EMP-2 El plásmido de doble nicasa (h) consiste en un par de plásmidos emparejados diseñados para la edición de alta especificidad del locus EMP2 en líneas celulares human. Cada plásmido expresa una nicasa Cas9 D10A y un ARN guía específico (sgRNA) dirigido a cadenas de ADN opuestas dentro de EMP2. Cuando se dirigen a sitios adyacentes en cadenas de ADN opuestas, las dos nicasas generan cortes en cadena simple desplazados que, juntos, producen una rotura de doble cadena escalonada, lo que requiere una actividad coordinada sobre el objetivo por parte de ambas guías.

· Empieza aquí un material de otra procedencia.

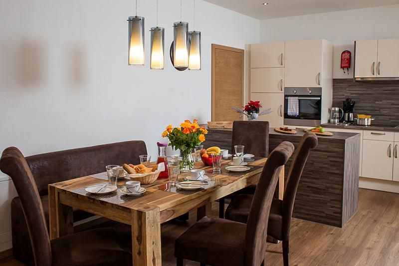 Alle acht Ferienwohnungen bieten je zwei Schlafzimmer, eine privaten Balkon, ein Badezimmer und eine voll ausgestattete Küche, in der du vom Frühstück bis zum Abendessen alle deine Lieblingsgerichte zaubern kannst. Das Penthouse punktet auf 115m2 Fläche mit drei Schlafzimmern und einer 135m2 großen Terrasse: Von hier aus hast du die Berggipfel wunderschön im Blick!

La rotura de ADN resultante se resuelve mediante vías de reparación celular endógenas, más comúnmente a través de la unión de extremos no homólogos (NHEJ), lo que da lugar a inserciones o deleciones que alteran la función de EMP2. Al requerir la participación de dos ARN guía en el locus diana, el enfoque de doble corte mejora la especificidad de la edición y proporciona una estrategia CRISPR complementaria para aplicaciones en las que se desea un control adicional sobre la precisión de la orientación.
Para facilitar la identificación eficiente de las células editadas, un plásmido codifica GFP para la visualización fluorescente de las poblaciones transfectadas, mientras que el plásmido complementario lleva un gen de resistencia a la puromicina para la selección con antibióticos. En conjunto, estas características facilitan el enriquecimiento eficiente de las poblaciones cotransfectadas y simplifican la validación de los clones con EMP2 alterado.
Sólo para uso en investigación. No destinado a uso diagnóstico o terapéutico.